### Exercise directions
Before returning the data, strip out the pictures and keep everything else exactly the same.

### Supplied information
----

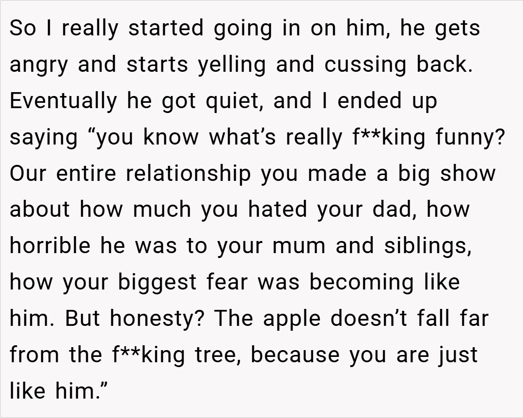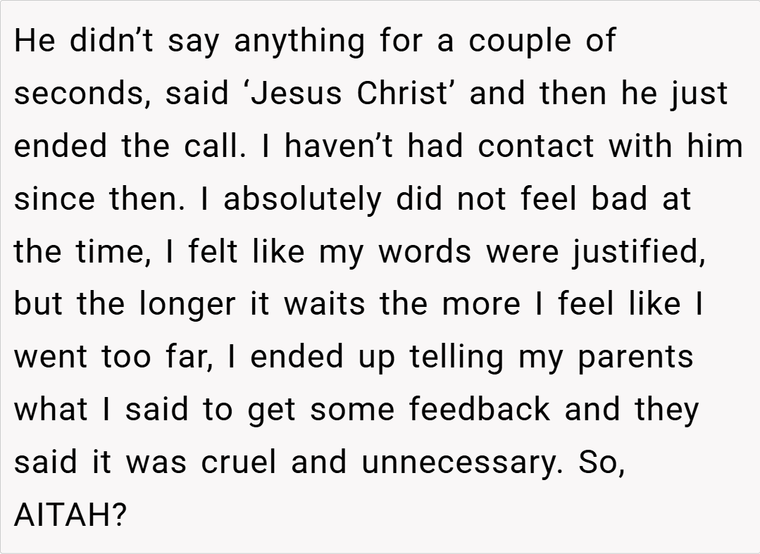 Is it ever justified to use such strong language as a wake-up call, or does it risk burning bridges that might otherwise be repaired? What would you do if you found yourself in a similar situation, with years of neglect coming to a head in a single explosive moment? Share your thoughts and experiences in the comments below—what would you do if you were in the OP’s shoes?
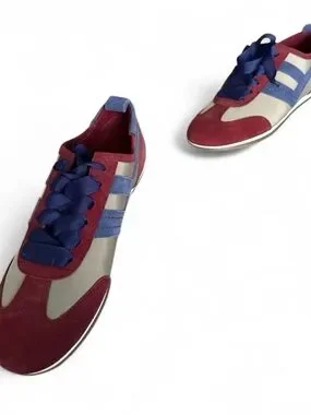Features: Low-top style, textile base, suede overlays, pull tab, two-tone rubber outsole, woven ribbon laces, tongue loop with court motif
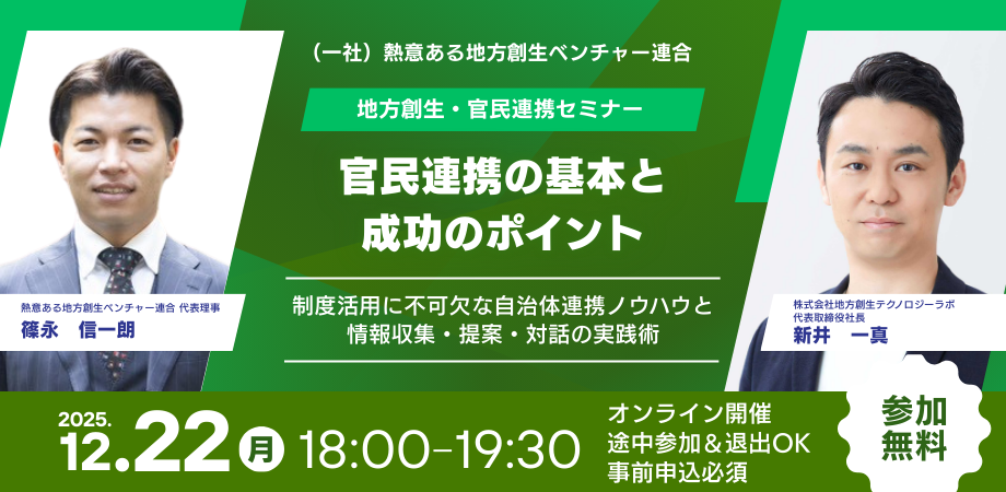 12/22(月)にオンラインにて、地方創生・官民連携セミナーを行うことが決定いたしました。 ...
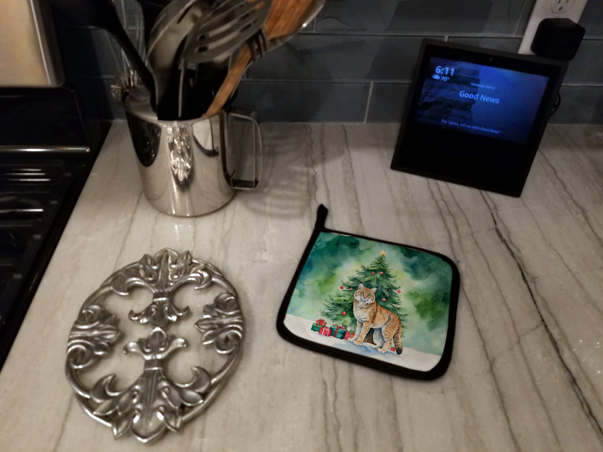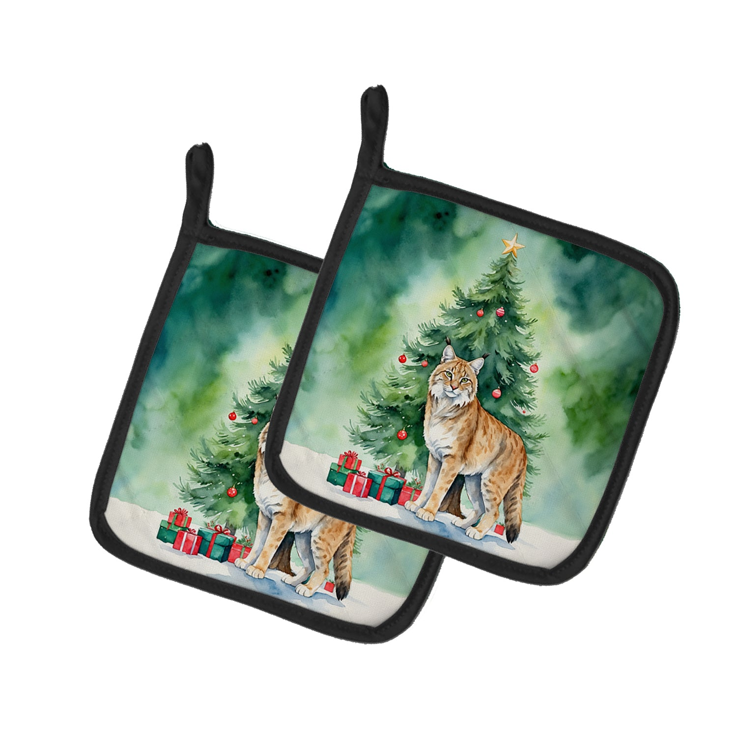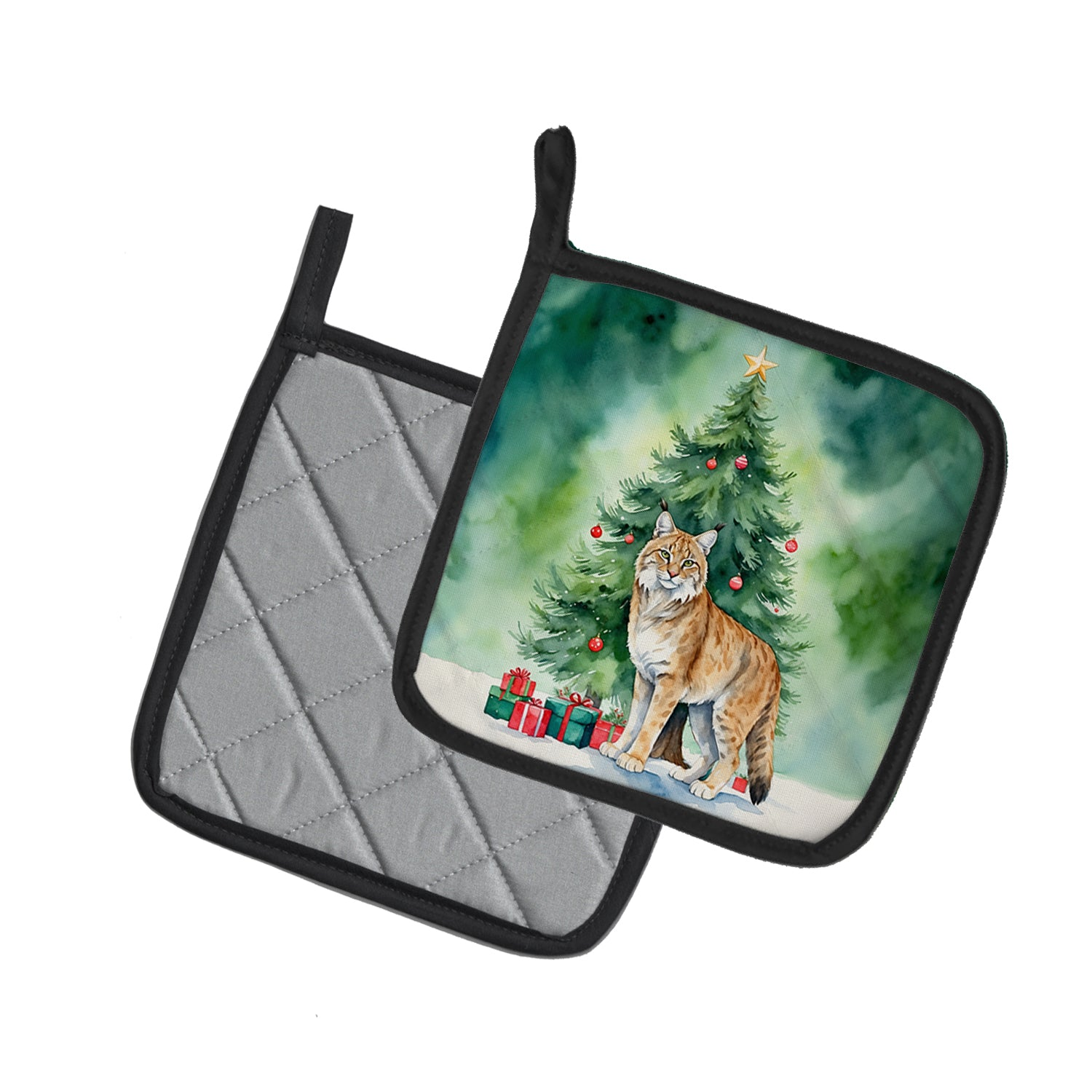 Highlander Lynx Cat By the Christmas Tree Pair of Pot Holders

----

### Solution for this problem
 Is it ever justified to use such strong language as a wake-up call, or does it risk burning bridges that might otherwise be repaired? What would you do if you found yourself in a similar situation, with years of neglect coming to a head in a single explosive moment? Share your thoughts and experiences in the comments below—what would you do if you were in the OP’s shoes?
Features: Low-top style, textile base, suede overlays, pull tab, two-tone rubber outsole, woven ribbon laces, tongue loop with court motif
 12/22(月)にオンラインにて、地方創生・官民連携セミナーを行うことが決定いたしました。 ...
 Highlander Lynx Cat By the Christmas Tree Pair of Pot Holders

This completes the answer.